I want to compare the curve fits of three models by r-squared values. I ran models using the nls and drc packages. It appears, though, that neither of those packages calculate r-squared values; they give "residual std error" and "residual sum of squares" though.
Can these two be used to compare model fits?
This is really a statistics question, rather than a coding question: consider posting on stats.stackexchange.com; you're likely to get a better answer.
RSQ is not really meaningful for non-linear regression. This is why summary.nls(...) does not provide it. See this post for an explanation.
There is a common, and understandable, tendency to hope for a single statistic that allows one to assess which of a set of models better fits a dataset. Unfortunately, it doesn't work that way. Here are some things to consider.
Generally, the best model is the one that has a mechanistic underpinning. Do your models reflect some physical process, or are you just trying a bunch of mathematical equations and hoping for the best? The former approach almost always leads to better models.
You should consider how the models will be used. Will you be interpolating (e.g. estimating y|x within the range of your dataset), or will you be extrapolating (estimating y|x outside the range of your data)? Some models yield a fit that provides relatively accurate estimates slightly outside the dataset range, and others completely fall apart.
Sometimes the appropriate modeling technique is suggested by the type of data you have. For example, if you have data that counts something, then y is likely to be poisson distributed and a generalized linear model (glm) in the poisson family is indicated. If your data is binary (e.g. only two possible outcomes, success or failure), then a binomial glm is indicated (so-called logistic regression).

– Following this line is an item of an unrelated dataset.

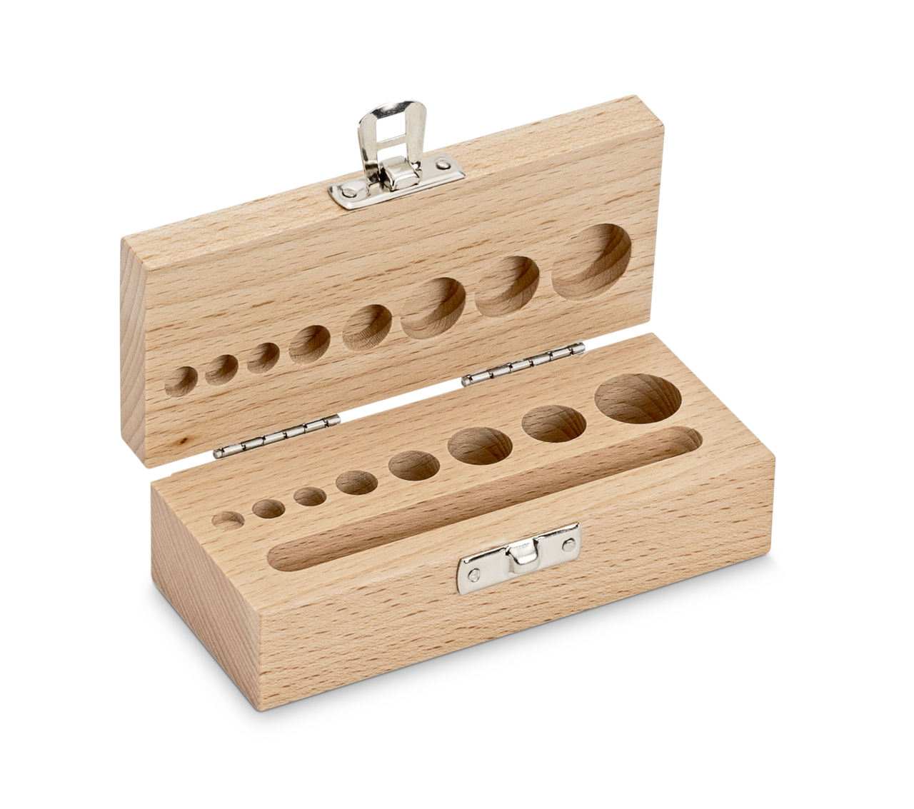 Holz-Gewichtsetui 354-420-200 (für Nennwerte 1 g – 50 g | für Klassen F2 + M1 + M2 + M3 | für Bauform Knopf/Kompakt)

The key underlying assumption of least squares techniques is that the error in y is normally distributed with mean 0 and constant variance. We can test this after doing the fit by looking at a plot of standardized residuals vs. y, and by looking at a Normal Q-Q plot of the residuals. If the residuals plot shows scatter increasing or decreasing with y then the model in not a good one. If the Normal Q-Q plot is not close to a straight line, then the residuals are not normally distributed and probably a different model is indicated.
Sometimes certain data points have high leverage with a given model, meaning that the fit is unduly influenced by those points. If this is a problem you will see it in a leverage plot. This indicates a weak model.
For a given model, it may be the case that not all of the parameters are significantly different from 0 (e.g., p-value of the coefficient > 0.05). If this is the case, you need to explore the model without those parameters. With nls, this often implies a completely different model.
Assuming that your model passes the tests above, it is reasonable to look at the F-statistic for the fit. This is essentially the ratio of SSR/SSE corrected for the dof in the regression (R) and the residuals (E). A model with more parameters will generally have smaller residual SS, but that does not make it a better model. The F-statistic accounts for this in that models with more parameters will have larger regression dof and smaller residual dof, making the F-statistic smaller.
Finally, having considered the items above, you can consider the residual standard error. Generally, all other things being equal, smaller residual standard error is better. Trouble is, all other things are never equal. This is why I would recommend looking at RSE last.